Вся в черном Анна стояла возле окна. Видел Глеб ее гибкую стройную талию, мягкий узел волос над открытой матовой шеей, оттененной внизу вырезом черного бархата, тоже живого, впитавшего аромат ее тела. Тяжелыми, но свободными складками падала ткань. И роза алела и каштановых ее волосах.
Глеб никогда еще Анны не видел такой. Она смотрела вдаль в лунную пропасть, напоенную трепетанием длинных лунных ресниц — междулучий, через которые льется ровный таинственный свет ее. Луна — чей-то единственный глаз, глядящий на мир ночных тайн, передающий им призрачный свой, мерцающий свет.
Анна смотрит в эту молочную пропасть и дышит ее широтой. Едва рисуются в матовом свете через легкую дымку горных ущелий очертания береговой полосы, изъеденной мысами, заливами, бухтами. По сторонам поднимаются дико утесы, странно живою громадой почти незаметно дышат они, слабо поднимается и спадает их каменная голая грудь.
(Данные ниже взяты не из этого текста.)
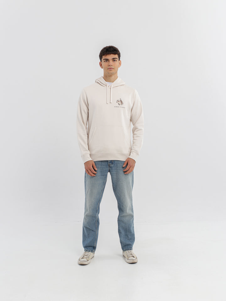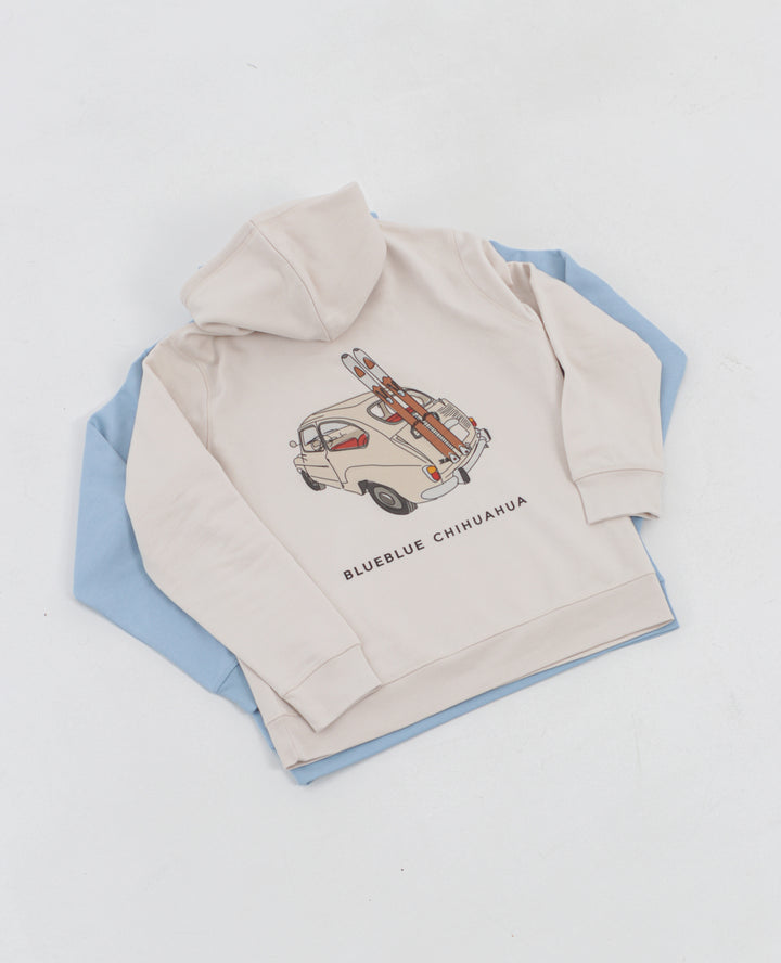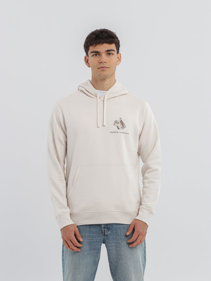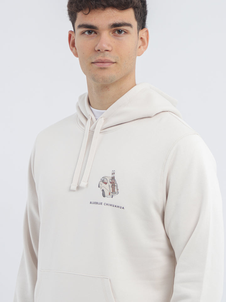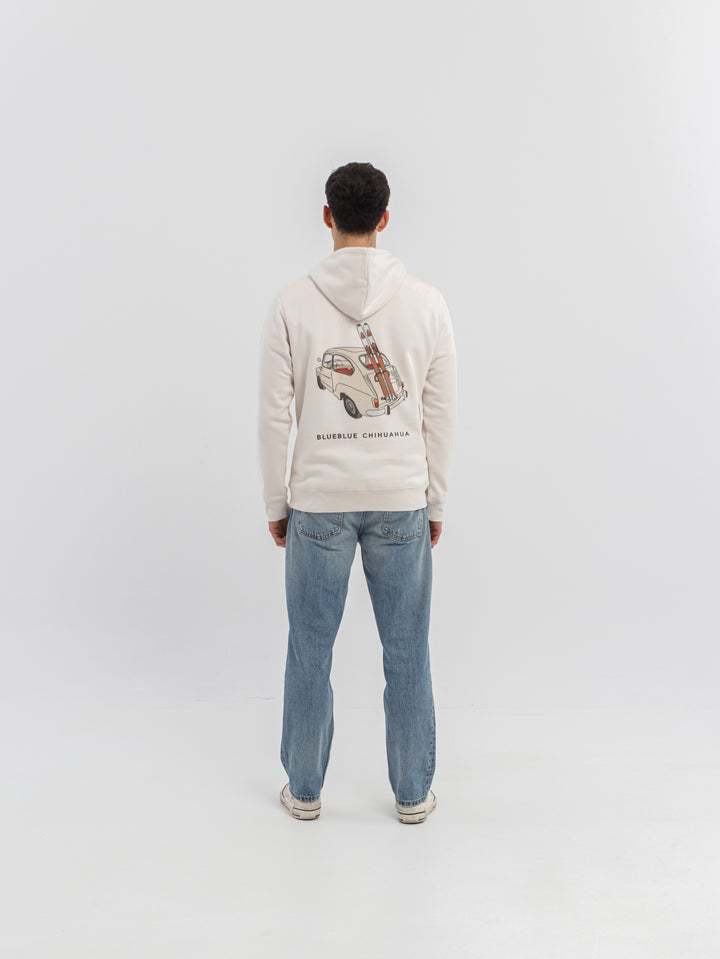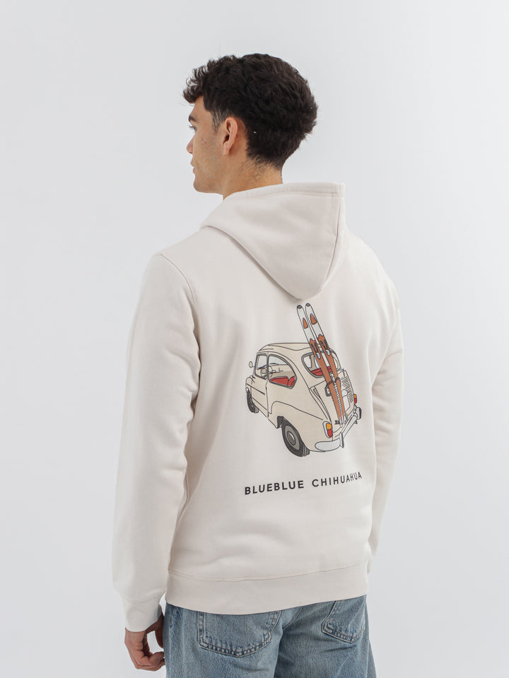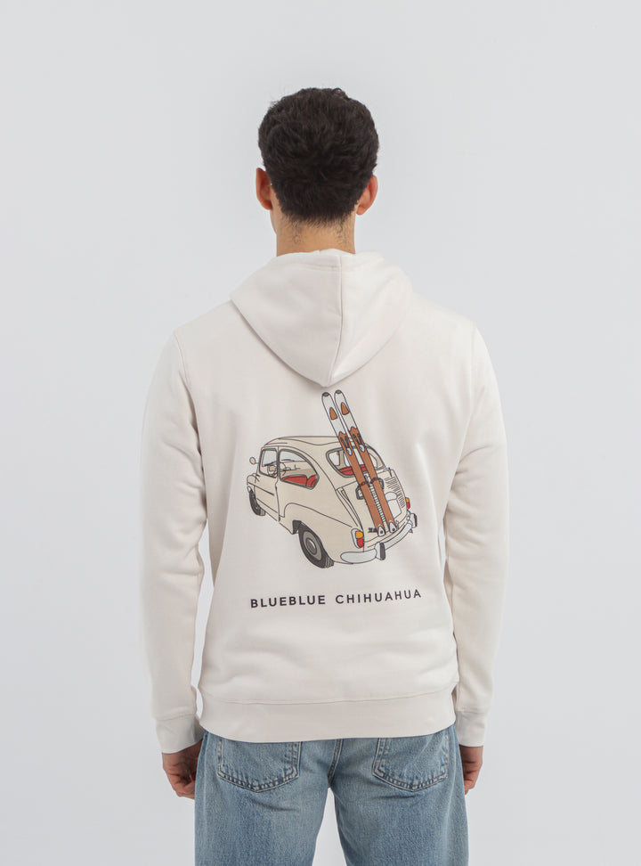 Sudadera color blanco roto de algodón orgánico con estampado de nuestro famoso 600. Diseñada para los amantes de nuestro mítico coche y uno de nuestros deportes favoritos.

Камни странно живы в ночном таинственном свете. Явственно выступают из них очертания, скрытые днем — животных, людей, чудовищных призраков, к новой жизни еще не рожденных и умерших в незапамятные, жутко далекие времена.
С высоких вершин открываются взору дали поднявшейся в уровень с ними морской глубины и далеких, по ту сторону моря лежащих земель. Духовному взору в лунную ночь открываются такие же дали времен. Века расстилаются у подножия одной высочайшей вершины, атома остановившегося — на один лишь миг созерцания — времени, последнего зубца бытия на растущей вершине; расстилаются книзу, как уступы, один за другим ряды минувших веков, чем дальше, тем менее резки, тем смутнее их очертания, и в сказочной дали, у черты горизонта дремлют самые давние, самые ветхие, бывшие когда-то самыми юными, девственно прекрасные, отшедшие в сказочную даль века.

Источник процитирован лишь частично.